Adware Report: Our Official Reply To StopBadware


Hello Erica,

Thank you for your response. Before addressing some of your points, let me start by announcing that as of this morning, we have been removed from Google's blacklist. This was in no small part due to the assistance of an anonymous reader who emailed us yesterday with some pointers. Had I received this kind of assistance from StopBadware or Google at the beginning, we would not be having this public discussion right now.

However, I am probably in the minority of sites who are receiving a bit of special treatment due to all of the attention being focused on this, so this is hardly a long-term solution.

This leads us to the core of the problem that I have with the current system. It punishes well-intentioned websites, while allowing blatently malicious websites to continue operating at will.

We're the first to admit that the warning system is not perfect. We do believe it's the best option we have right now to protect internet users from being victimized by badware.

"Not perfect" is an understatement - we have identified many well-known, malicious websites that Google/StopBadware have not flagged. Some of these sites are minor annoyances. Others spread dangerous and virulent forms of malware. Why aren't you focusing on them?

I believe it is fair treatment to hold StopBadware to the same standards that we would any other anti-spyware product, and right now you are receiving a very bad grade.

Our goal is to protect internet users from harmful software, not to "punish" site owners who have been victims of hacking.

This is commendable and I suppose everyone would be more sympathetic if it weren't for the hard-line "ends justify the means" attitude StopBadware employees express in your public forum. Your employees have demonstrated that they have no sympathy for innocent website owners. They have even gone so far as to label them "guilty" of spreading malicious code through neglect. You've made it perfectly clear that you aren't going to judge people by their intent. So why do you make an appeal to the internet community for sympathy based on your intent? This seems hypocritical.

As the FAQ notes, Google, not StopBadware, finds sites hosting or distributing badware and independently places the warning page in search results for the sites in question. Google sends that information to us, and we make it available through our Badware Website Clearinghouse As is noted on the Clearinghouse page for Adware Reports (http://stopbadware.org/reports/container?reportname=www.adwarereport.com%2Fmt%2Farchives), StopBadware had not yet independently reviewed that site.

It's a serious problem that a site flagged by Google doesn't get the benefit of a human review for several months. There should not be such built-in neglect. I would go so far as to say that Google should not flag a site until it has undergone a human review because we've demonstrated that their scanning algorithms suck.
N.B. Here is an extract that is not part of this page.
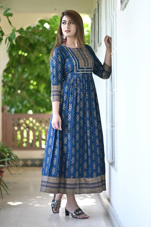 Mintmarie Women Blue Printed Viscose Kurta - 6XL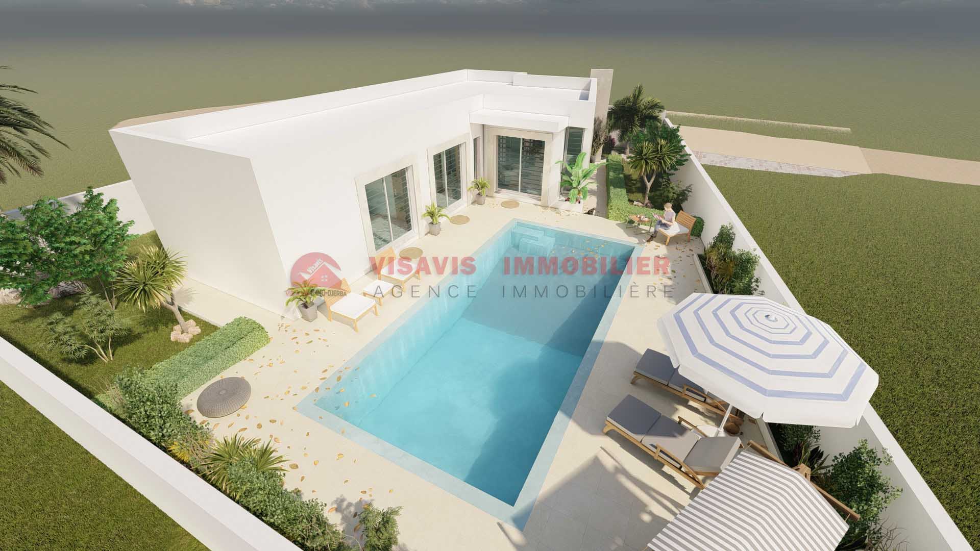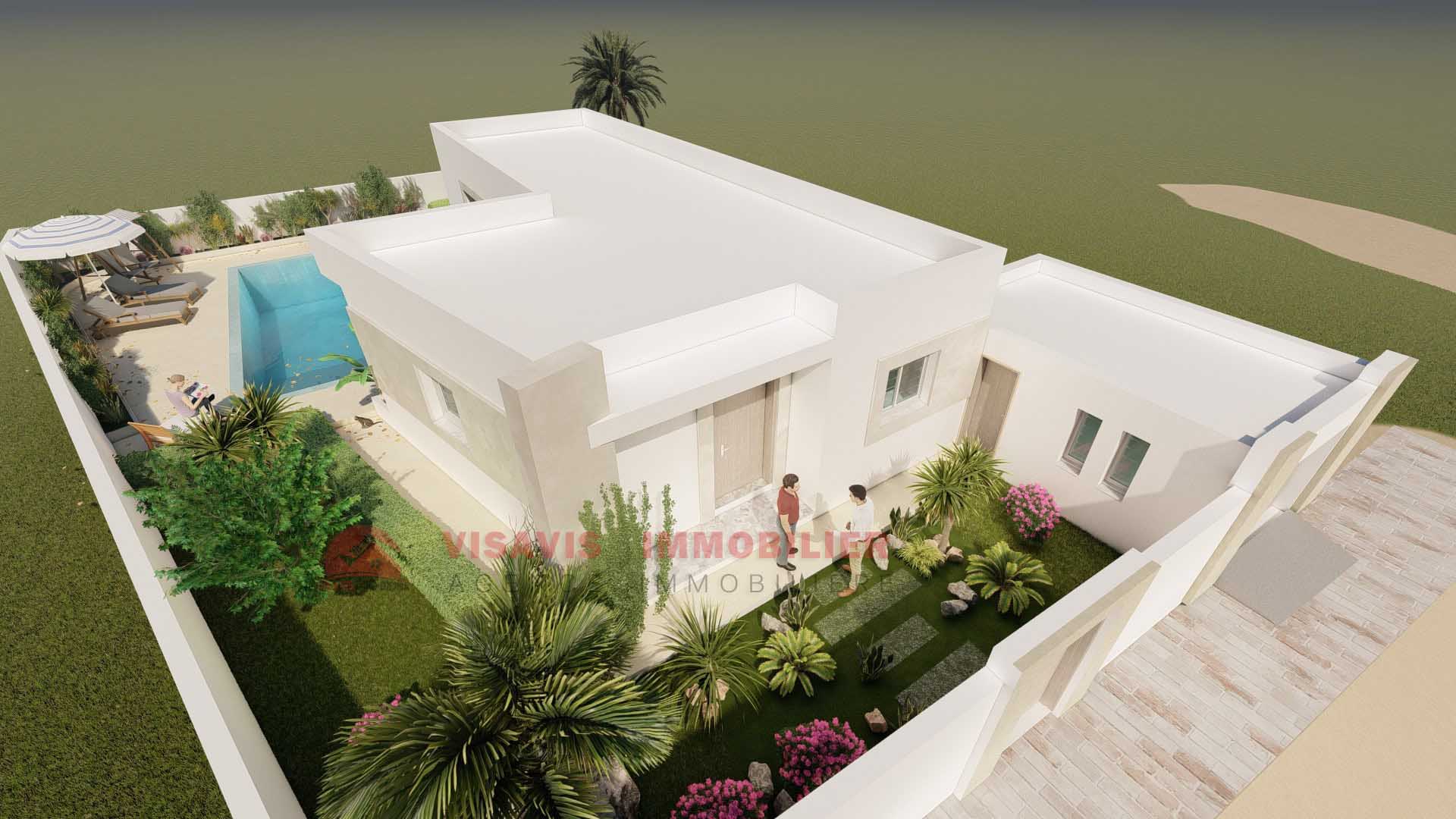 Votre futur maison à Djerba de style moderne 108m²: Salon - salle à manger - cuisine aménagée avec éléments bas & hauts, 1 salle d'eau avec lave main, 1 chambre avec placard & 1 suite parentale avec dressing et salle d'eau. Sur un terrain de 446m² situé à 5 minutes du centre ville de Houmt Souk.

Also, it is not fair to put the blame entirely on Google's shoulders. As the Google FAQ (http://www.google.com/support/webmasters/bin/answer.py?answer=45432) states, StopBadware is responsible for processing appeals. Google will not remove a site from the blacklist until this has been done. They did their job in November by flagging us. It is now February. Their FAQ says that's your fault. Please comment as to what, if anything, will be done about this in the future.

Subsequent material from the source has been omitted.